THE RIGHT KIND OF PAYMENTS This is the category that so worries Mr. Chopra, the former Education Department and Consumer Financial Protection Bureau student loan expert, who is now a senior fellow at the Consumer Federation of America. For starters, he points out that if you are not in some kind of income-driven repayment program (check the Education Department’s website for the names of all of the different ones), you’re not going to benefit from forgiveness and there’s a good chance that your payments don’t qualify.
A standard repayment term for student loans is 10 years, or 120 payments. Those payments may be technically eligible if you have the right employer, but if you’re making them in full (and not on an income-driven plan), you’ll have paid off the loan in 10 years and there won’t be any loan left to forgive.
Mr. Chopra worries about people working for eligible employers and making payments in something called graduated or extended repayment plans that are not income driven. If you think that sounds like you, call your servicer and ask, then ask again at a different time to be sure.
He points to data in an Education Department presentation from late last year that is available online showing that about half of the people enrolled in public service loan forgiveness have not made a single payment that qualifies toward their goal of 120. He suspects that many just don’t realize they’re in the wrong kinds of payment plans.
My inquiries to the Education Department about this matter yielded no replies.

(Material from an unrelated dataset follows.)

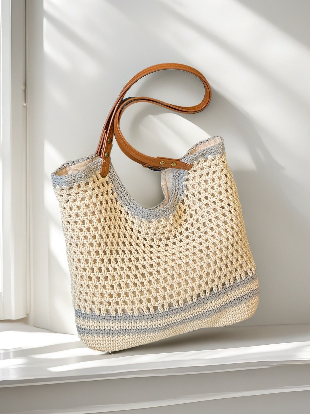 손으로 짠 코튼 백 대용량 비치 백 핸드백 캐주얼 할로우 숄더 백 여성용 Ins 스타일 모리 스타일 고대
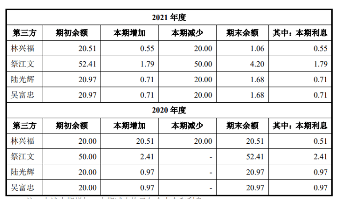 不仅如此,王荣正还会向朋友拆出资金。截至2019年末,林兴福、陆光辉、吴富忠合计拆出金额60万元尚未偿还,但在2020年,林兴福仍然从锡华科技拆出20万元资金,陆光辉、吴富忠遗留的拆出资金仍未偿还。

To review, we’ve promised to help our public servants by forgiving their student loan payments after a decade. But the program is confusing, the government’s legal filings contradict its websites, and its representatives aren’t answering questions.
This is no way to treat the people who do some of the most important work in our country. But it’s also yet another reminder that as we build more complexity into our financial systems, we’re sending the message to those who must navigate them that they are on their own.
It’s a shameful message at any time, but it’s particularly galling when it’s firefighters, librarians and nurses on the receiving end.